WHAT TO DO.
The lines below, from the one containing "8月30日,来自罗马尼亚的特技飞行表演队在布加勒斯特国际航展上进行飞行表演。" through the one containing "This grill is", should be set down exactly, with no pictures and nothing else.

AVAILABLE DATA.
--
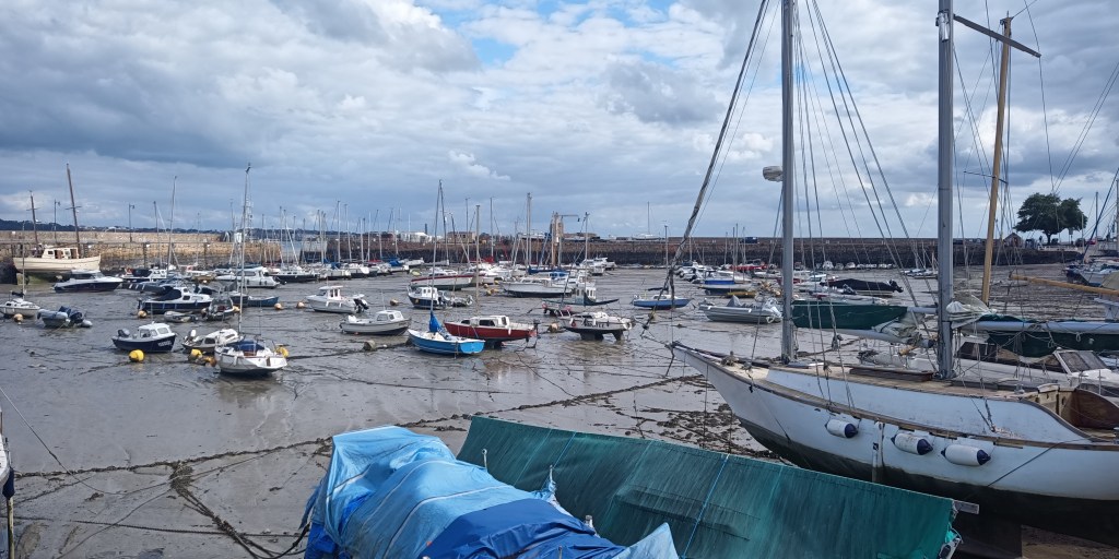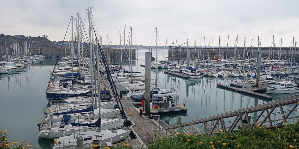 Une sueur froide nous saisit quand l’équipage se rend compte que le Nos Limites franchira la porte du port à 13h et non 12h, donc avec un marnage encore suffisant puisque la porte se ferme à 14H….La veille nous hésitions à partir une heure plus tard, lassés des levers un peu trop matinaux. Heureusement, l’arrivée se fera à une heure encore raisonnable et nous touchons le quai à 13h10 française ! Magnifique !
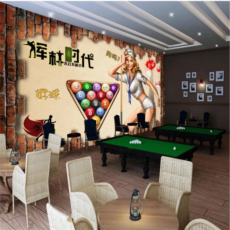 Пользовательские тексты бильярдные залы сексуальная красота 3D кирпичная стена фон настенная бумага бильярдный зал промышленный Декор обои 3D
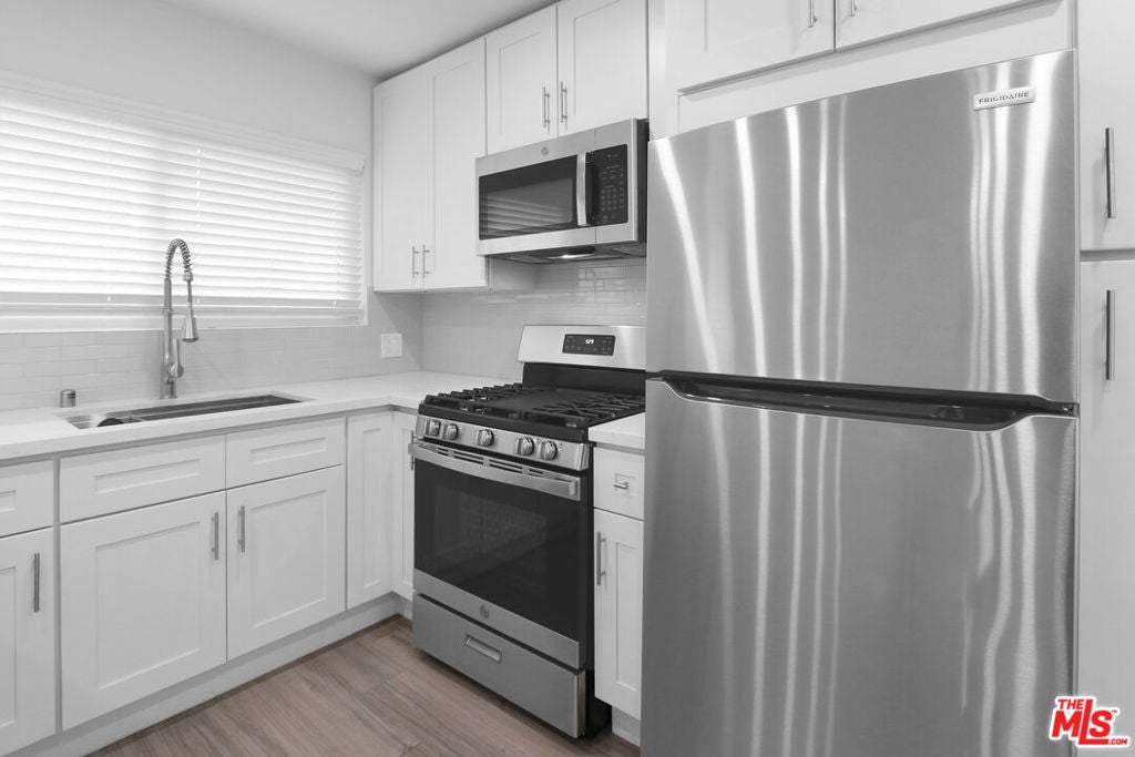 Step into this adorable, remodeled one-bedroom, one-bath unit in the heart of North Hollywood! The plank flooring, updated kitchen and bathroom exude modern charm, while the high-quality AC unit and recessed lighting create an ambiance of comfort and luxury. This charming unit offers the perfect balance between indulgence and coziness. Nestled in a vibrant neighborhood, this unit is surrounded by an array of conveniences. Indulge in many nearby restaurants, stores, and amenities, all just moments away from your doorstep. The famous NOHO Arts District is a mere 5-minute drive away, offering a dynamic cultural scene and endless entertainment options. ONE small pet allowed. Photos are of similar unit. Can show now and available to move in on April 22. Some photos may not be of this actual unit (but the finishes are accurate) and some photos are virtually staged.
--
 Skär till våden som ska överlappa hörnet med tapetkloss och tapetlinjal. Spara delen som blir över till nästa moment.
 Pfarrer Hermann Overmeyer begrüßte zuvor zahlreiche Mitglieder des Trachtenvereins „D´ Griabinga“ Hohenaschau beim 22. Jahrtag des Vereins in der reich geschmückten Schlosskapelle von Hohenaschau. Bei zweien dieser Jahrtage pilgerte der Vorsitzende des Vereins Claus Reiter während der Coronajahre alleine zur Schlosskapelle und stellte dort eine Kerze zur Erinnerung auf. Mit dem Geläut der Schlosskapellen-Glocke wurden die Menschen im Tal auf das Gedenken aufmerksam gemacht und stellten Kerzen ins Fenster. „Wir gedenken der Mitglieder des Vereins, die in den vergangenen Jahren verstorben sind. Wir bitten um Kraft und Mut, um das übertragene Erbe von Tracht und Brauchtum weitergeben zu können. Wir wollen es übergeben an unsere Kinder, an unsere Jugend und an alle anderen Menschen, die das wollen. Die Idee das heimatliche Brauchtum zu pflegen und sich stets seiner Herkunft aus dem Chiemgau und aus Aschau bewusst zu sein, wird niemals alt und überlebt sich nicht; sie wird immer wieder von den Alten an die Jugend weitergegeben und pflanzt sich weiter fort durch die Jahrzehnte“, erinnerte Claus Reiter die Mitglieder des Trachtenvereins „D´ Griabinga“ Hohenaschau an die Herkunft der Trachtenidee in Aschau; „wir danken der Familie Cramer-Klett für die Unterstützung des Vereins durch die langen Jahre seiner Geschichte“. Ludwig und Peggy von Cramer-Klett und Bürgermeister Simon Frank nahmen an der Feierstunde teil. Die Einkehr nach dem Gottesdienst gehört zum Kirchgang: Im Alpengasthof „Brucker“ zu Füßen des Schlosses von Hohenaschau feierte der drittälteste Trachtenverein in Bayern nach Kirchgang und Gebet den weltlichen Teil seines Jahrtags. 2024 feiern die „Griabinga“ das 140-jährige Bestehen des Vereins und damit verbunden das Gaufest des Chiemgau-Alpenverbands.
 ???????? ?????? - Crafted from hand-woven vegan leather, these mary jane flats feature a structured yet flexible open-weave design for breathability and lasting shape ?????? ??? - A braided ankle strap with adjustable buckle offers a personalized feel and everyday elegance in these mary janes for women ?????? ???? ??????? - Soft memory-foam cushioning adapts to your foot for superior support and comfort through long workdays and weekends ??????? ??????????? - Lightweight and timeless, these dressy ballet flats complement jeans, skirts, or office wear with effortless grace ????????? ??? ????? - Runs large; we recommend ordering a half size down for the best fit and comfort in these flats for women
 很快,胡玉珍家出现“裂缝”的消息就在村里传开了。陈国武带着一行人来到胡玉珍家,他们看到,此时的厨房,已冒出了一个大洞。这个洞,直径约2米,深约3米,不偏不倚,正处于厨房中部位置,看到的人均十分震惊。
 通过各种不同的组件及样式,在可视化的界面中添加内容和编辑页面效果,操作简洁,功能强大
--
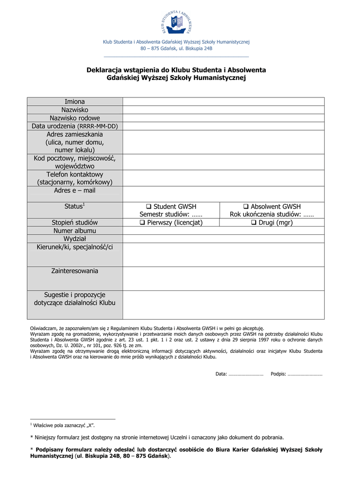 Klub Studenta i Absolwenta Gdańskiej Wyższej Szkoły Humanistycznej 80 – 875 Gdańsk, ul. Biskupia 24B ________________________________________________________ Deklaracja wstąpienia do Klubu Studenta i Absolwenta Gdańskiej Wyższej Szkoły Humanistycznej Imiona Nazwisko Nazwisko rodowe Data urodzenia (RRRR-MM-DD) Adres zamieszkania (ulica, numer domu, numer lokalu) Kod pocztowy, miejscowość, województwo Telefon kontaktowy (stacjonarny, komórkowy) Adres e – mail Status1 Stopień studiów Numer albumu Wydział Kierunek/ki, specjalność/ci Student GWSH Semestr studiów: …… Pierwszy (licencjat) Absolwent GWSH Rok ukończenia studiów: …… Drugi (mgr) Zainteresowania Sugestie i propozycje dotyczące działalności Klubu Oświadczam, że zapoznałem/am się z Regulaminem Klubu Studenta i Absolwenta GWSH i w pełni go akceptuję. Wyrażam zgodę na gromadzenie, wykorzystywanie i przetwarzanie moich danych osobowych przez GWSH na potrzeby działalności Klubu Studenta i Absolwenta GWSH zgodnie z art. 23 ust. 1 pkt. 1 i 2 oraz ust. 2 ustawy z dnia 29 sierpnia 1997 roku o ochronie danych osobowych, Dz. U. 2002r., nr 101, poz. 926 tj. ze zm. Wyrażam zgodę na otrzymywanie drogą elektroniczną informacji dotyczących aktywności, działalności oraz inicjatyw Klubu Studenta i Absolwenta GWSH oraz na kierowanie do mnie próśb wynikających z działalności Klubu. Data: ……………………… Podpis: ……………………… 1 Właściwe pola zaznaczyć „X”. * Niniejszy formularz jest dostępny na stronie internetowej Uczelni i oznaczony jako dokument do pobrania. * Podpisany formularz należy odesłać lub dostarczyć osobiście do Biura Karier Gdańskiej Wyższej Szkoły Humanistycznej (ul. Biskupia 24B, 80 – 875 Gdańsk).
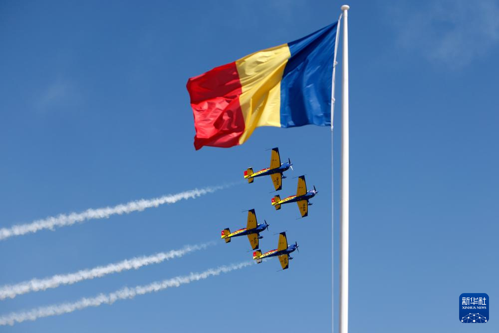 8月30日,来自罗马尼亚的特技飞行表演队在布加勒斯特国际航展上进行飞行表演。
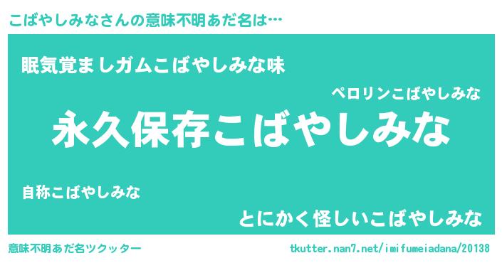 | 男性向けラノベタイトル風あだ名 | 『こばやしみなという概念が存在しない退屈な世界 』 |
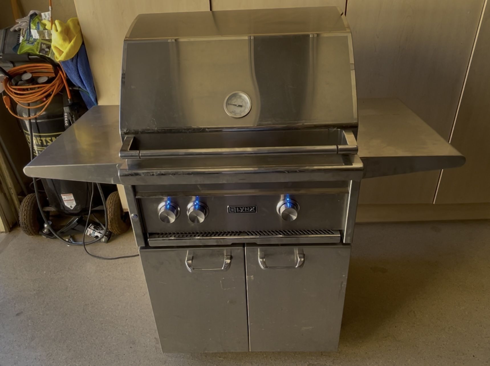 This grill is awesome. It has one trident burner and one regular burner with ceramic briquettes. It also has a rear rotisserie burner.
--
PROBLEM SOLUTION.
 8月30日,来自罗马尼亚的特技飞行表演队在布加勒斯特国际航展上进行飞行表演。
 | 男性向けラノベタイトル風あだ名 | 『こばやしみなという概念が存在しない退屈な世界 』 |
 This grill is awesome. It has one trident burner and one regular burner with ceramic briquettes. It also has a rear rotisserie burner.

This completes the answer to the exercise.